When random grouping is applied, the indices of all columns are randomly permutated. These permutated indices are then used to construct $K$ swarms over $n$ dimensions, from ${\bf X}$ and ${\bf Y}$. This is achieved by simply taking out every $s$ columns (or dimensions) of ${\bf X}$ and ${\bf Y}$ to form a new swarm. In other words, in each swarm a particle's position and personal best vectors are constructed according to the new permutated dimension indices. As a result of random grouping, the personal best of each newly formed particle in a swarm needs to be re-evaluated in order to obtain its correct “coevolving” fitness. This is a key difference from the conventional personal best update. All the experiments in later sections take these evaluations into account.

Similarly, ${\mathhat{\bf y}}$ should also be reconstructed according to the permutated dimension indices. This way, when forming new swarms based on the new permutated indices, the better position values found so far in certain dimensions can be used meaningfully to guide the search in future iterations.

Note that the original dimension indices are recorded so that when evaluating the $i$th particle of the $j$th swarm via function ${\bf b}(j,P_{j}\cdot{\bf x}_{i})$(which returns an $n$-dimensional vector consisting of ${\mathhat{\bf y}}$ with its $j$th component replaced by $P_{j}\cdot{\bf x}_{i}$), the order of the original dimension indices of this $n$-dimensional vector can be always restored before invoking an evaluation function.

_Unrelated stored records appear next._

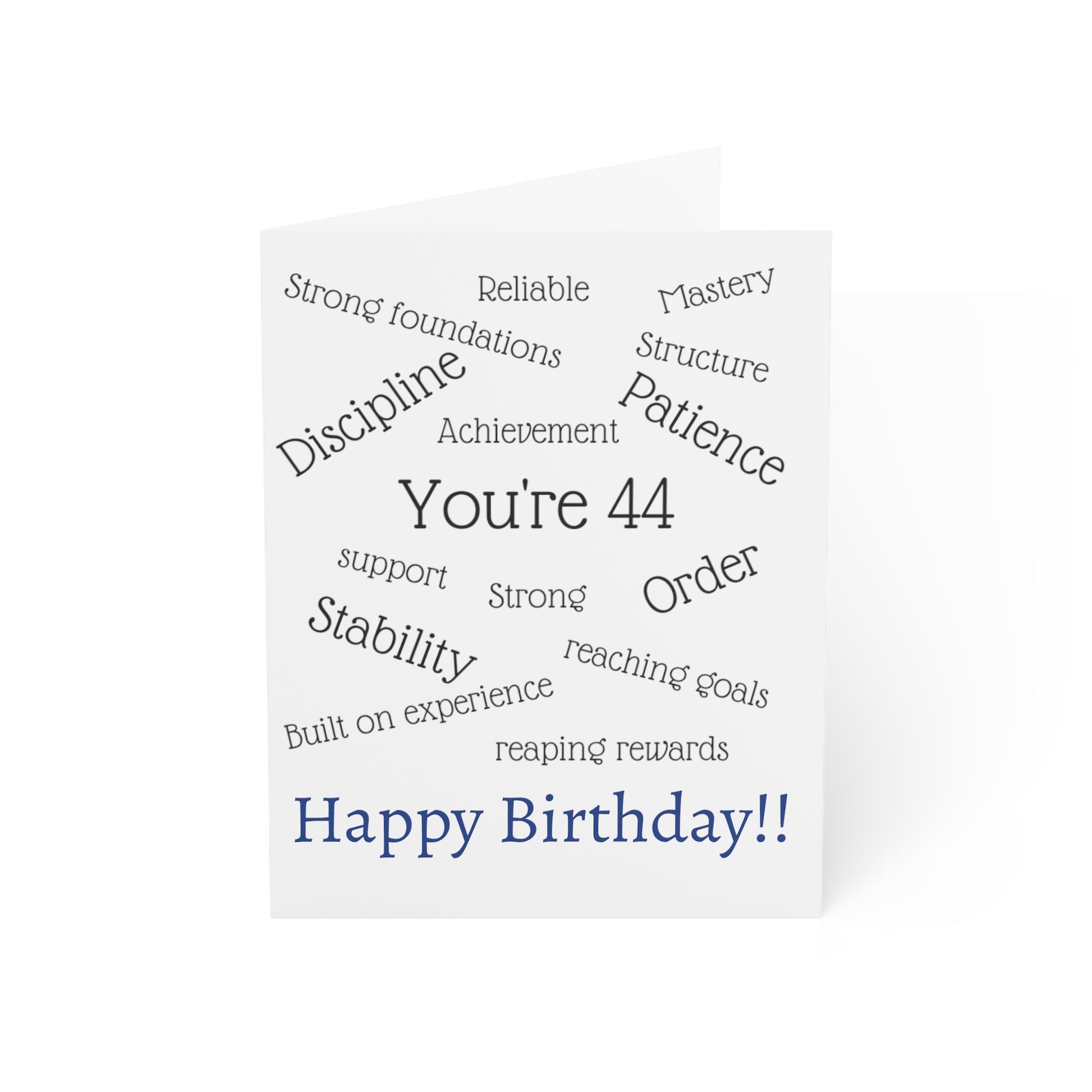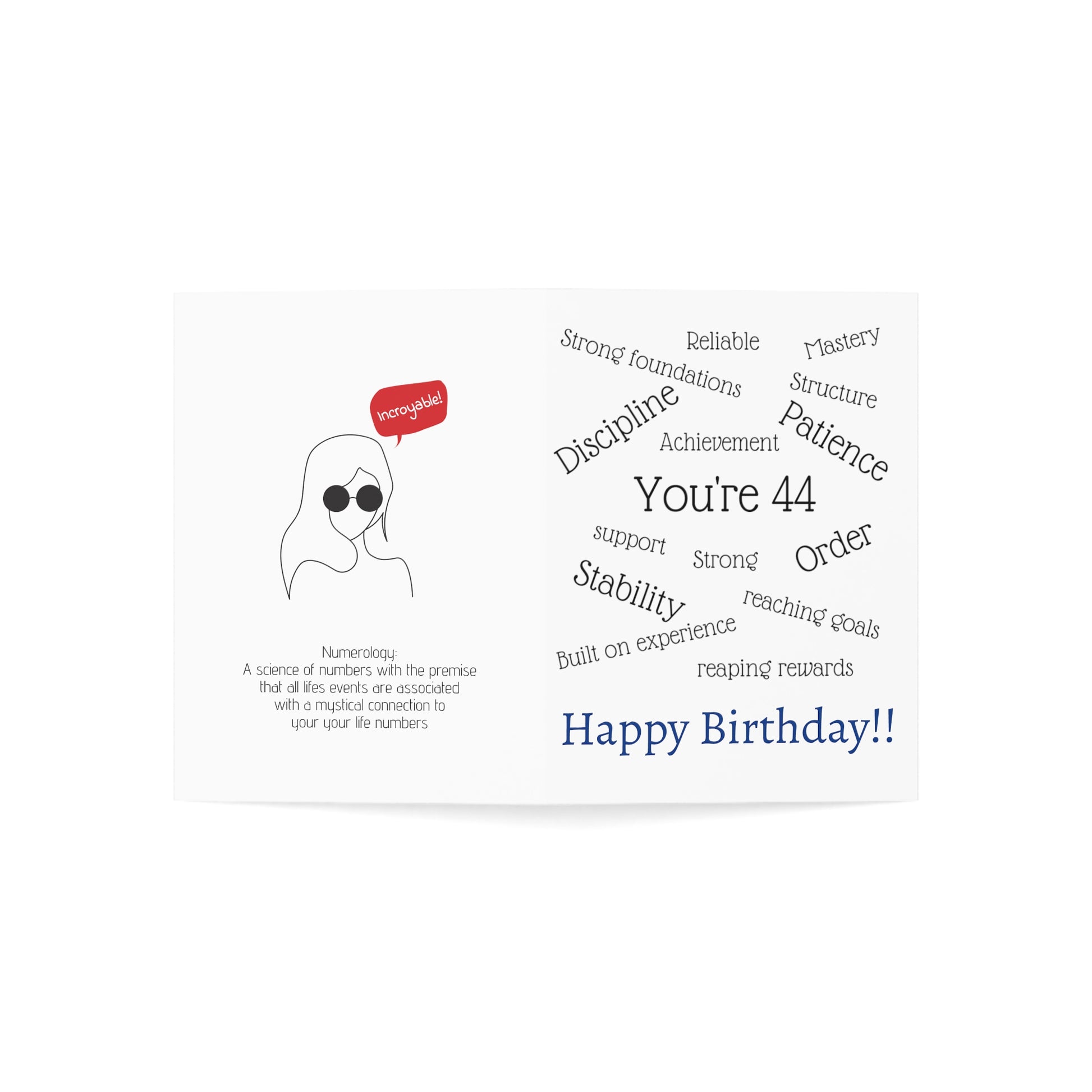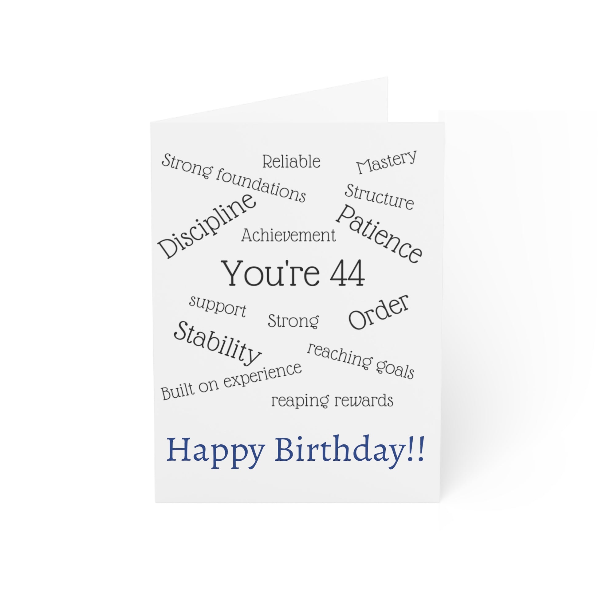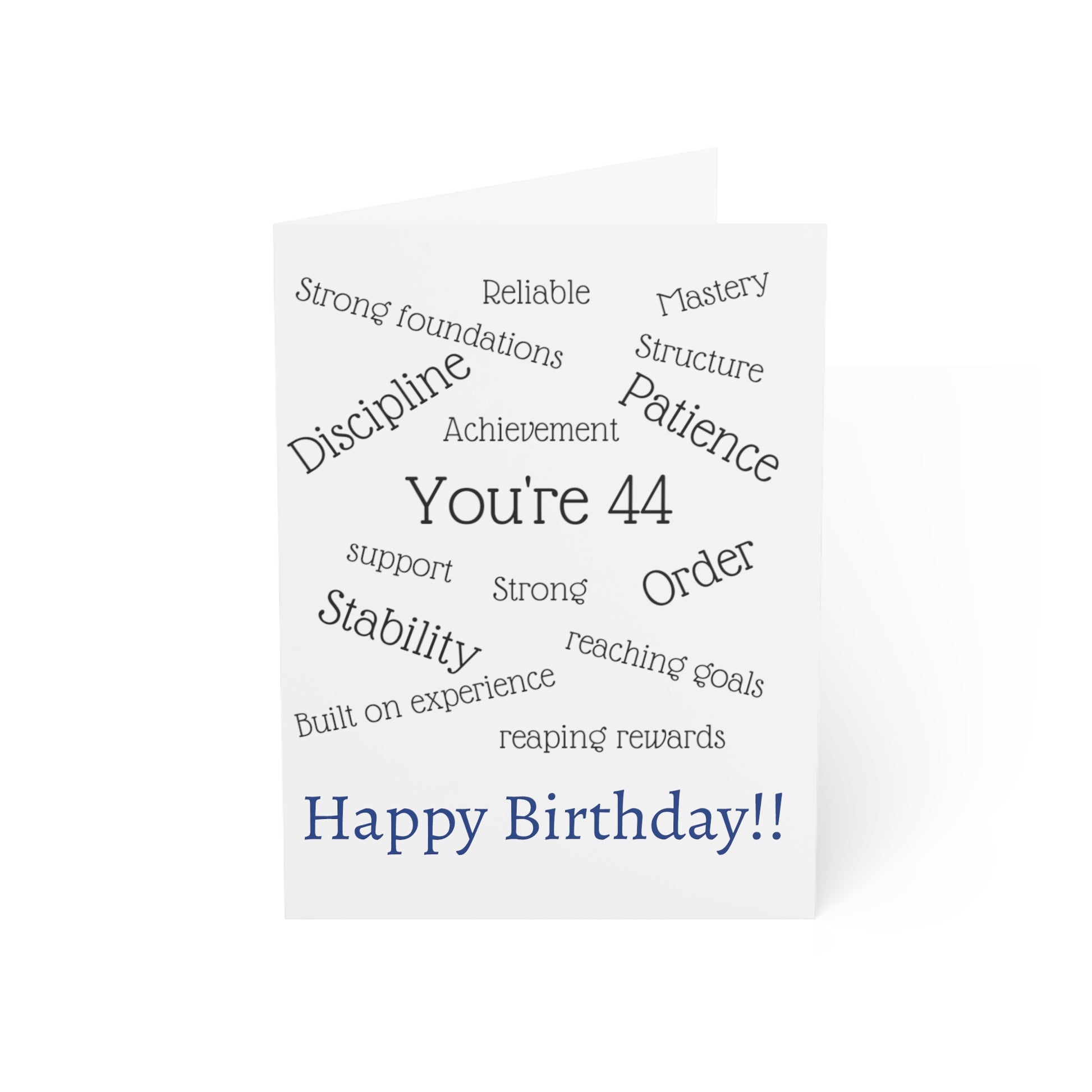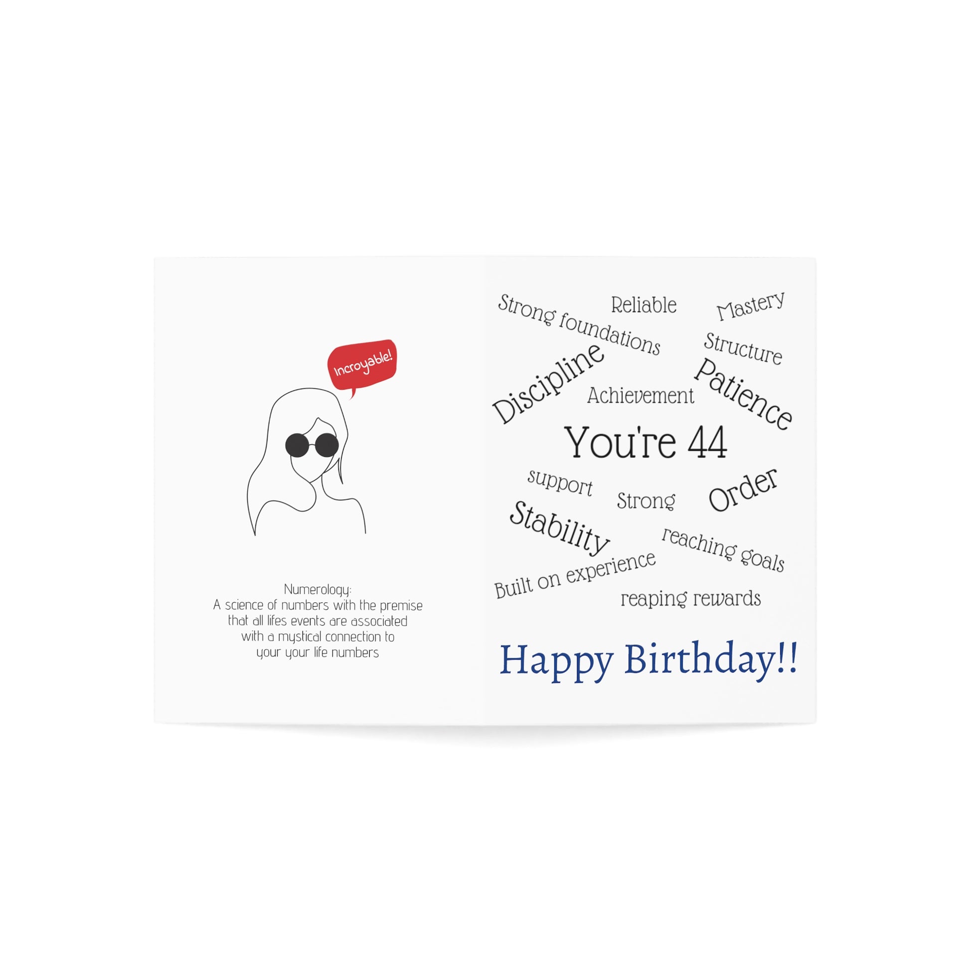 Birthday Card (1, 10, 30, and 50pcs) , 44th birthday, numerological meaning of your year to come, age birthday, gift for him or her
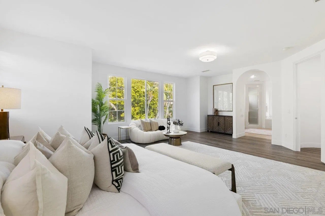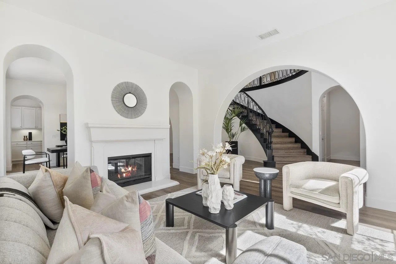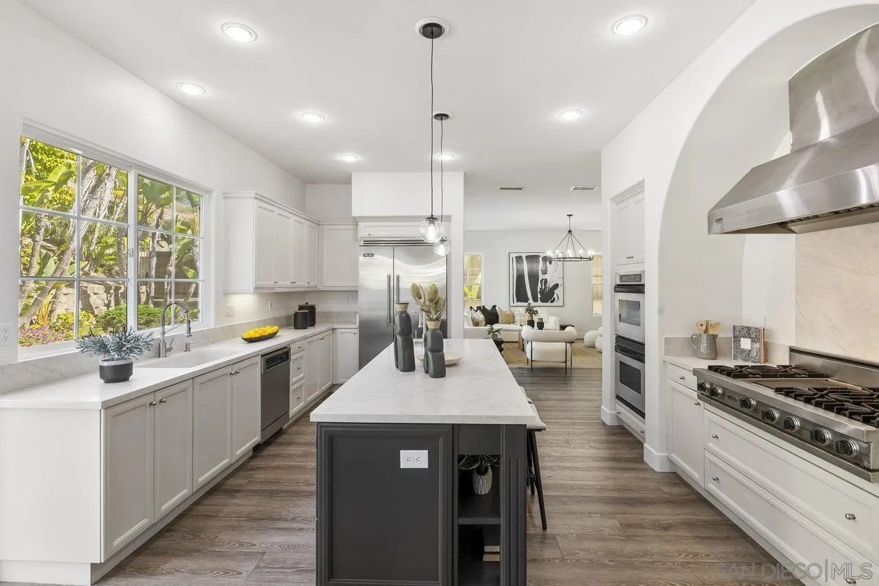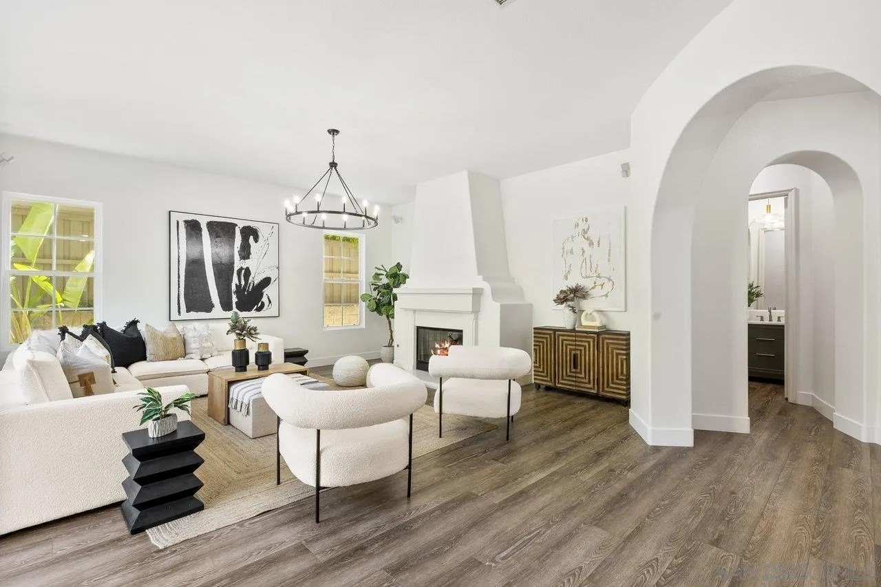 Nestled in the exclusive gated community of Torrey Woods Estates this exceptional home offers the unique advantage of choice between two top-rated elementary schools: Ocean Air or Torrey Hills. Gated courtyard entry invites you into a freshly painted home with designer finishes. Grand formal entry with cathedral ceilings open to formal living and dining rooms with dual-sided fireplace. New luxury vinyl plank flooring throughout, custom lighting, and an abundance of natural light throughout. The chef's kitchen featuring an oversized island with prep sink, pendant lighting, Quartz countertops, a spacious eat-in area, walk-in pantry, built-in desk, premium Viking appliances including a 6-burner cooktop with hood and professional-grade refrigerator-all seamlessly flowing into the family room with fireplace.
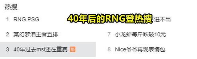 “40年后的RNG”登榜热搜,玩家调侃:RNG一直不输比赛,已经重赛到2062年了

After evaluations of all particles in the $j$th swarm, if the swarm best $P_{j}\cdot{\mathhat{\bf y}}$ is found to be better than the context vector ${\mathhat{\bf y}}$, then the corresponding part of ${\mathhat{\bf y}}$ gets replaced by $P_{j}\cdot{\mathhat{\bf y}}$. This will ensure good information is recorded in ${\mathhat{\bf y}}$, and utilized in future iterations.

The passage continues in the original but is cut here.